Aurelien Meray (Computer Science)

Aurelien Meray (Computer Science)

Aurelien Meray, a DOE Fellow and Ph.D. student in computer science at Florida International University’s Applied Research Center (FIU-ARC) has successfully published a peer-reviewed journal paper in the Environmental Science and Technology (ES&T) Journal. ES&T is a groundbreaking environmental science and technology research journal that publishes rigorous and well-researched articles for a broad and diverse audience of scientists, policymakers, and the general public.

The paper titled “PyLEnM: A Machine Learning Framework for Long-Term Groundwater Contamination Monitoring Strategies”, was authored by Aurelien Meray along with Savannah Sturla, Masudur R. Siddiquee, Rebecca Serata, Sebastian Uhlemann, Hansell Gonzalez-Raymat, Miles Denham, Himanshu Upadhyay, Leonel E. Lagos, Carol Eddy-Dilek, and Haruko M. Wainwright, a team of scientists from Florida International University, University of California Berkeley, Lawrence Berkeley National Laboratory, Savannah River National Laboratory, and Massachusetts Institute of Technology.
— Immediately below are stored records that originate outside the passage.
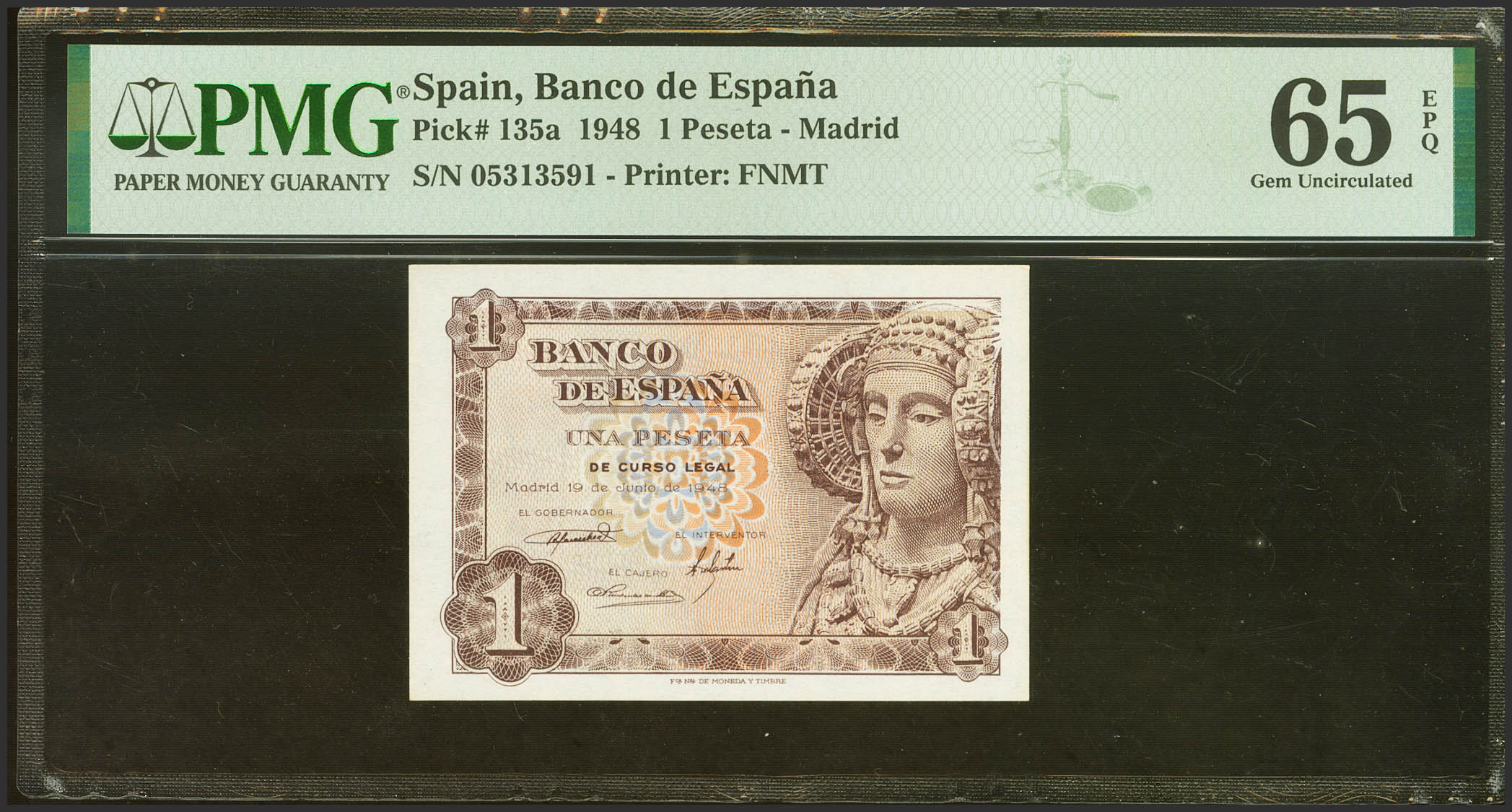 1 Peseta. 19 de Junio de 1948. Sin serie. (Edifil 2021: 457, Pick: 135a). Apresto original. SC. Encapsulado PMG65EPQ.
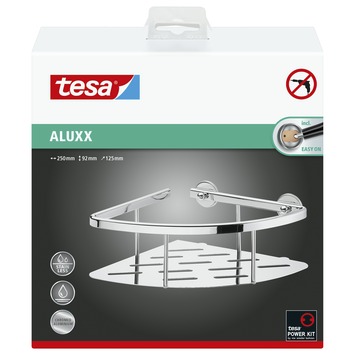 Het tesa® Aluxx hoek doucherek biedt een stijlvolle en praktische oplossing voor het opbergen van al je badkamerbenodigdheden. Dit rek is vervaardigd uit hoogglans verchroomd aluminium, wat zorgt voor een luxe uitstraling en een hoge bestendigheid tegen roest. Dankzij de slimme bodemplaat kunnen zeepresten en water makkelijk wegvloeien, zodat alles schoon en fris blijft. De installatie is een fluitje van een cent dankzij de innovatieve Power.Kit technologie: je hoeft niets te boren en je muren blijven intact. Volg simpelweg drie stappen: plak de adapters, vul ze met de Power.Kit-lijm en bevestig het rek na 12 uur uitharden. Dit hoekrek is niet alleen eenvoudig te monteren, maar ook makkelijk te verwijderen zonder lijmresten achter te laten. Wil je het doucherek opnieuw bevestigen? Dat kan met een aparte adapter set, die eenvoudig te verkrijgen is. Dit product is geschikt voor een breed scala aan oppervlakken, zoals tegels, metaal en glas, maar let op: het is niet geschikt voor behang of stucwerk.
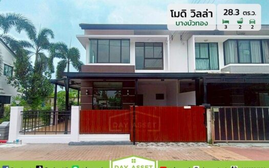 ขายทาวน์เฮาส์ 2 ชั้น หลังมุม หมู่บ้านโมดิ วิลล่า บางบัวทอง : Modi Villa Bangbuathong ทำเลดีเข้า-ออกได้ง่าย ใกล้ Cen
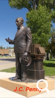 In the town of Kremmerer WY we found the statue of J.C. Penny. Yes, that’s the founder of JC PENNY stores. He is located at one corner of a triangular park. Across one street you’ll actually find a very functional JC Penny store…and it’s the “Mother Store” (founded in 1902)!
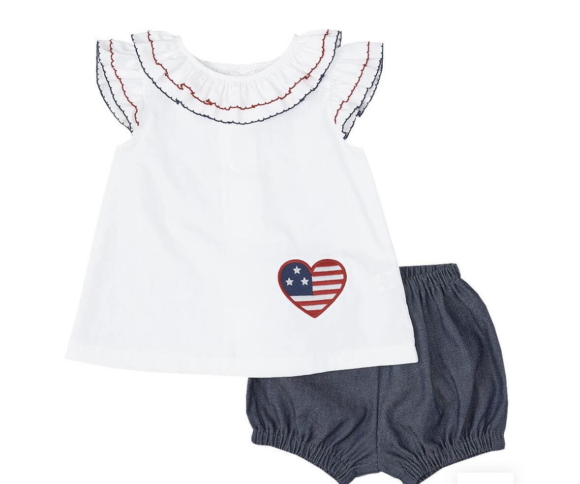 A patriotic heart embroidery showcasing the American flag adds a fun and celebratory touch. Paired with comfortable navy blue shorts with an elastic waistband, this outfit allows little ones to move freely while staying stylish and comfortable.
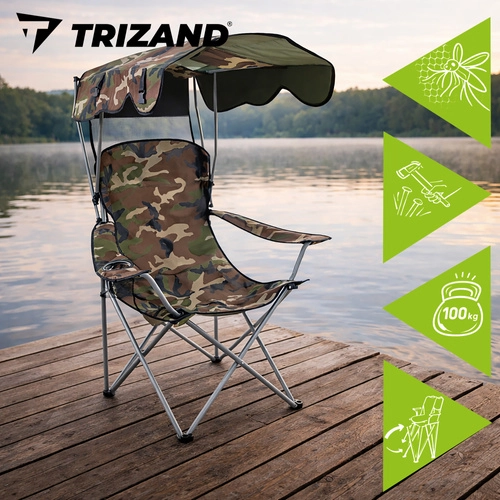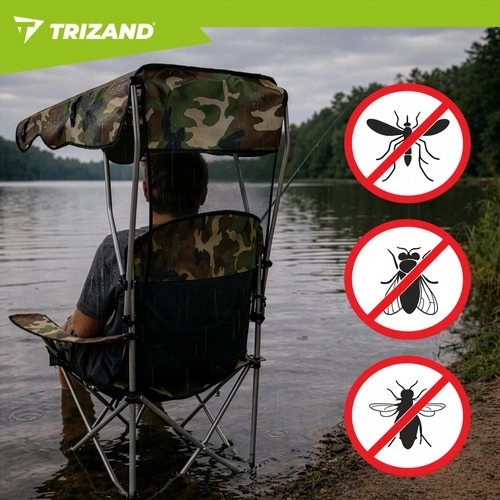 Uživajte u udobnosti kraj vode i u kampu sa sklopivom stolicom TRIZAND PANAMA. Nudi integriranu nadstrešnicu s mrežom protiv komaraca, stabilnu konstrukciju do 100 kg, široko sjedalo i visoki naslon za dugo sjedenje bez umora. Izdržljiva Oxford 600D tkanina, ravne nožice protiv propadanja i praktični nasloni za ruke jamče udobnost u prirodi. Jednostavno se sklapa i prenosi u futroli – idealno za ribolovce, kampiranje i vrt.
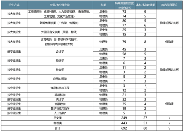 今年UIC继续在广东省实施多元化招生,综合评价录取计划招生人数692人(首选科目历史249人,首选科目物理443人),普通本科批次计划招生人数80人(首选科目历史27人,首选科目物理53人)。
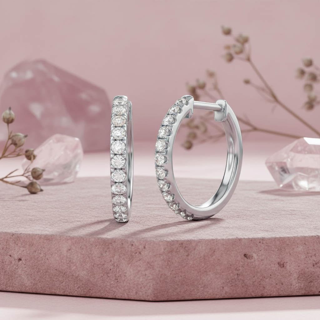 Enhance your jewelry collection with these elegant Huggie Hoop Earrings for Women, designed to bring a refined sparkle to everyday style. These classic hoops feature round natural or lab grown diamonds totaling 0.30 carat weight (cttw), Crafted in 14K Solid Rose Gold, these diamond hoop earrings provide a bright, polished finish and a timeless appearance. The huggie hoop design sits comfortably close to the earlobe, giving these earrings a modern and minimal profile that is easy to wear throughout the day. The earrings are designed with a secure hinged closure, allowing for easy wear while helping keep the hoops comfortably in place. These diamond huggie hoop earrings are a versatile addition to any jewelry collection. They can be worn alone for a simple and sophisticated look or paired with other earrings for a layered style. Their timeless design also makes them a thoughtful jewelry gift for occasions such as birthdays, anniversaries, holidays, or special celebrations.
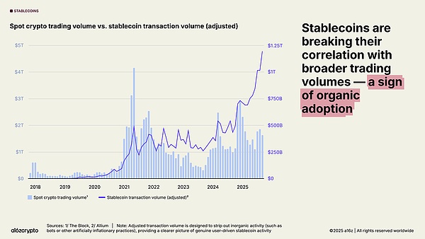 稳定币采用率正在加速增长。月度调整后的稳定币交易量已激增至历史新高,仅在 2025 年 9 月就接近 1.25 万亿美元。
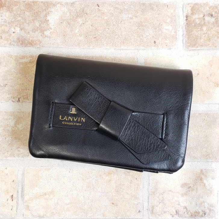 - ランバンコレクション レザー 二折財布 ボックス型小銭室 ブラック リボン 財布 LANVIN COLLECTION
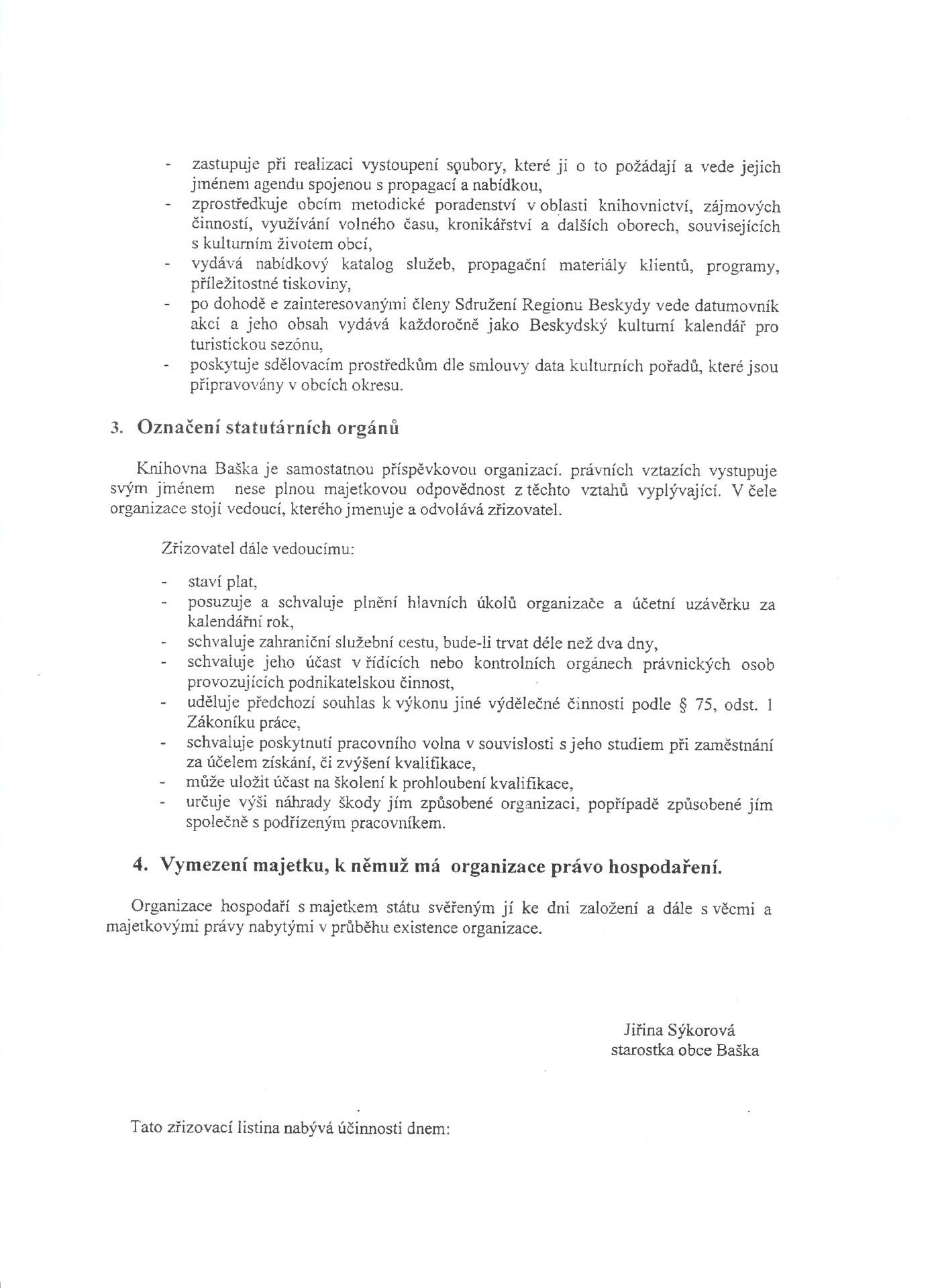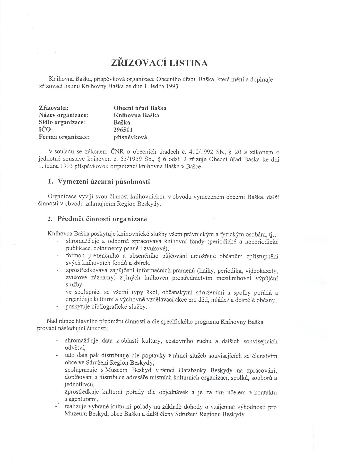 Zřizovací listina Knihovny Baška
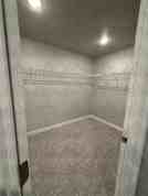 - Primary bedroom with a walk in closet, standard closet, and vaulted ceilings

The paper highlights mainly the development of a Python package called PyLEnM (Python for Long-term Environmental Monitoring) that has a complete set of machine learning (ML) functions for long-term groundwater contamination monitoring. Among the most significant ML innovations are:

  • Time series clustering to identify groups of wells with similar groundwater dynamics and to guide spatial interpolation and well optimization.
  • Evaluating several regression models for spatial interpolation, with automated model selection and parameter tweaking.
  • A proxy-based spatial interpolation technique using spatial data layers or in situ measurable variables to predict contaminant concentrations and groundwater levels.
  • A well optimization approach to identify the most effective subset of wells for long-term monitoring.